## [Try it]
Exercise in exact copying: restate word for word only the lines below from the one containing "Click [Send Email]" through the one containing "Tommy Bahama Mens", omitting any pictures.

======== Material to process

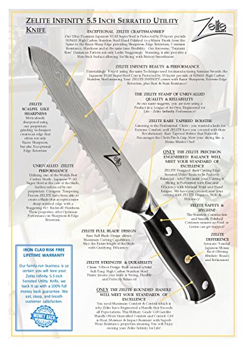 100% SATISFACTION or MONEY BACK GUARANTEE - TRY IT RISK FREE >>> Lifetime Warranty against Manufacturing Defects (only if purchased direct from 'Zelite Infinity' - check item is "sold by Zelite Infinity"). Our Utility Knifes have been built with Perfection in Mind. Ideal Gift (Christmas, Weddings, Birthdays, Fathers Day, Mothers Day), for Home Cooks, Professional Chefs, Culinary Students and more. You can't lose. Limited Supply, Order Now before they are Sold Out!
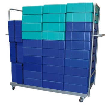 Carucior pentru steppere, cu 4 roti de cauciuc, pentru depozitare/transport, greutate carucior 41 kg, capacitate stocare 60 steppere, dimensiuni 80x150x150 cm, incarcare maxima aparat 200 kg, producator SVELTUS
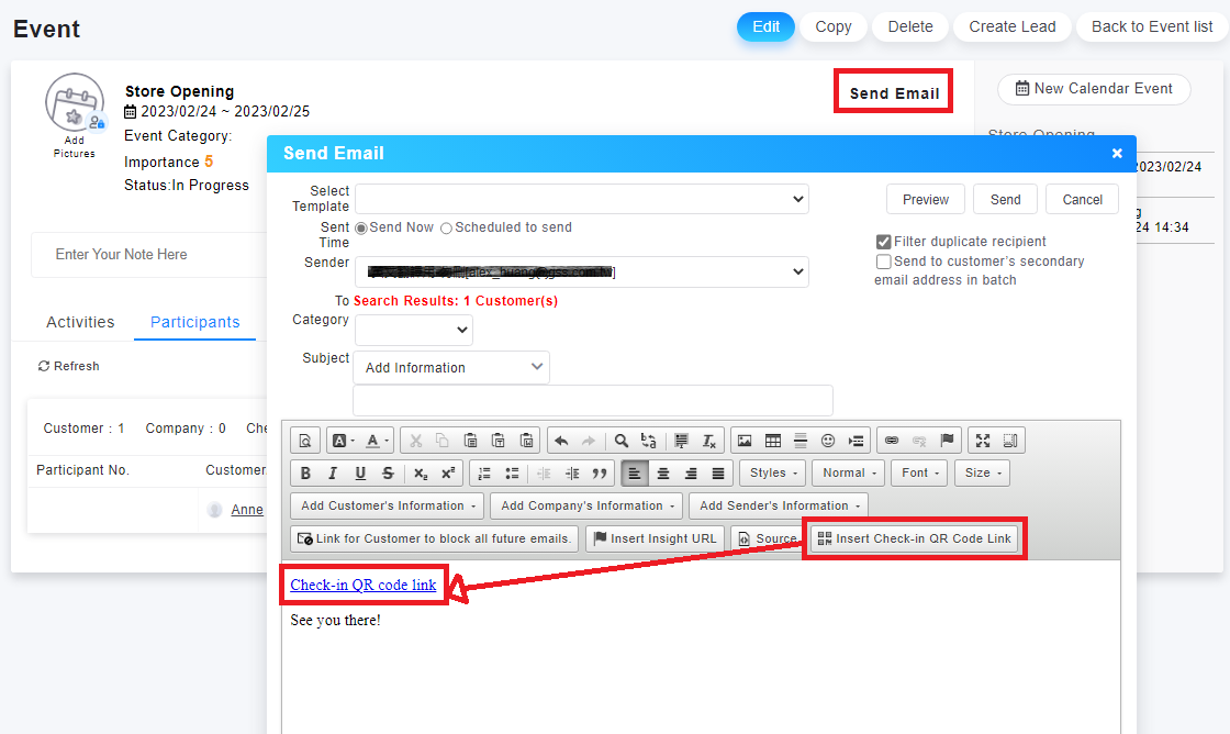 Click [Send Email] on the upper right of the event page to send an email to the participants of the event. When writing the email content, you can click "Insert Check-In QR code link".
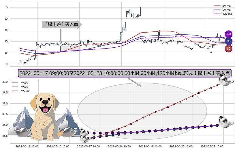 形态多维评估: ⚀ 2022-05-17 10:00:00-小时至2022-05-23 10:00:00-小时显现 60小时-90小时-120小时均线 【银山谷】买入点 看多信号,后市看涨,买入
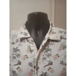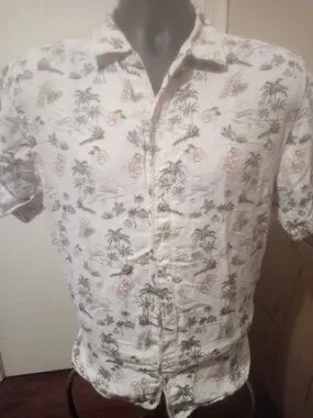 Tommy Bahama Mens Medium M Linen Cotton Short Sleeve Button Up Hawaiian Shirt
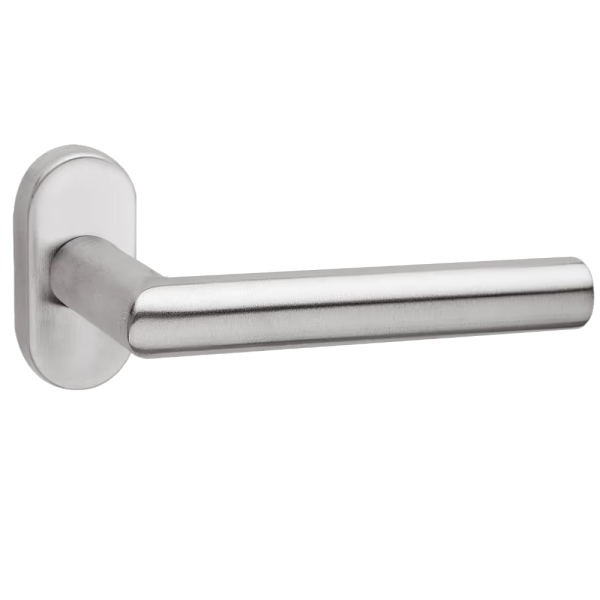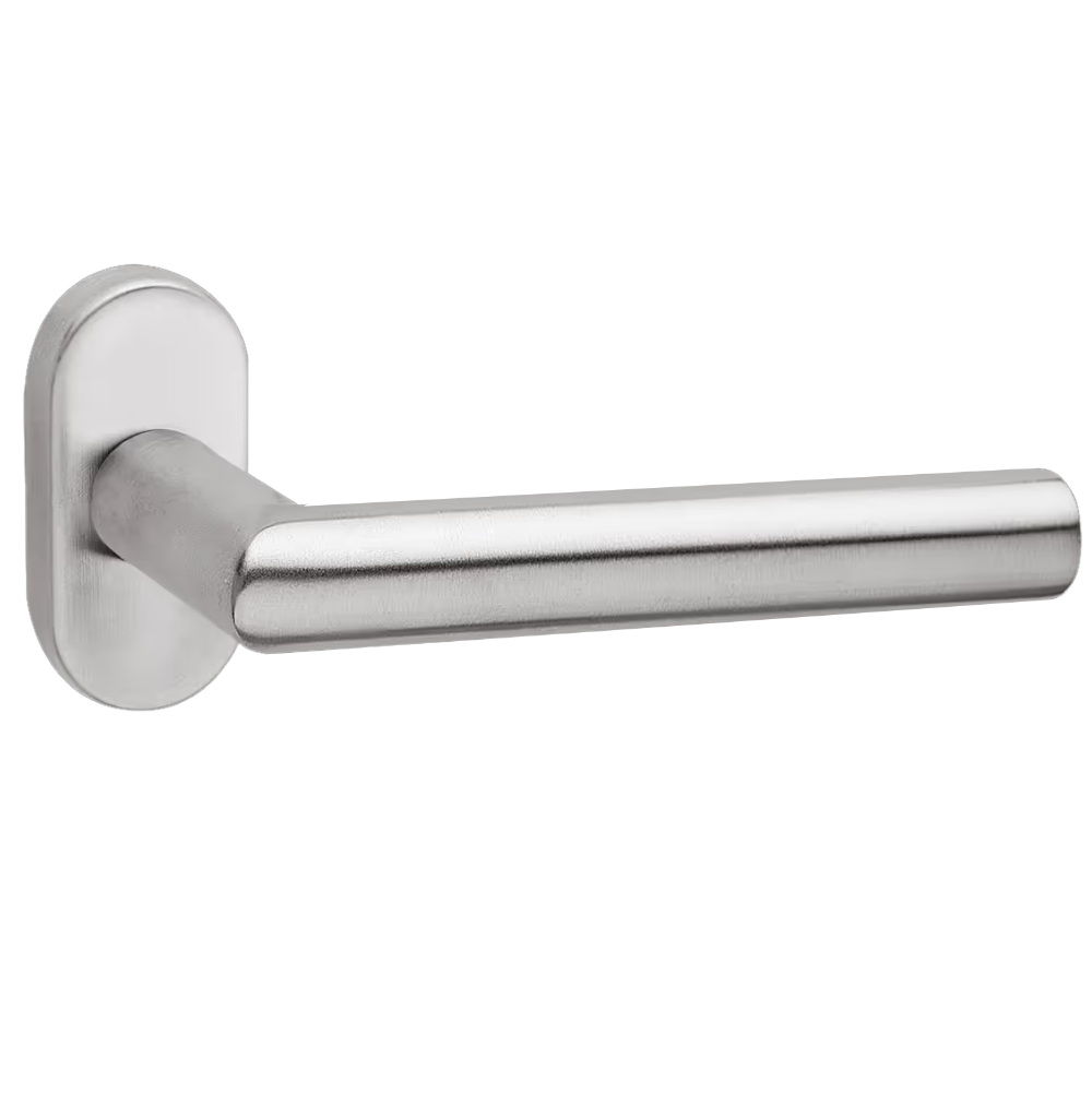 In questo modello, infatti, l'estetica moderna si sposa con la funzionalità della molla di ritorno integrata. Tale meccanismo permette alla maniglia di ritornare sempre orizzontale dopo l'uso. Di conseguenza, si evita l'usura precoce della serratura e si mantiene un aspetto ordinato sulla porta. In primo luogo, il tratto distintivo è la sua rosetta ovale dalle dimensioni di 30x60 mm. Questa forma geometrica, con uno spessore di 10 mm, offre un supporto stabile e un design ricercato. L'impugnatura vanta una lunghezza di 130 mm e un diametro di 20 mm. Pertanto, la maniglia assicura una presa ergonomica e molto confortevole.

================

## [Answer]
 Click [Send Email] on the upper right of the event page to send an email to the participants of the event. When writing the email content, you can click "Insert Check-In QR code link".
 形态多维评估: ⚀ 2022-05-17 10:00:00-小时至2022-05-23 10:00:00-小时显现 60小时-90小时-120小时均线 【银山谷】买入点 看多信号,后市看涨,买入
 Tommy Bahama Mens Medium M Linen Cotton Short Sleeve Button Up Hawaiian Shirt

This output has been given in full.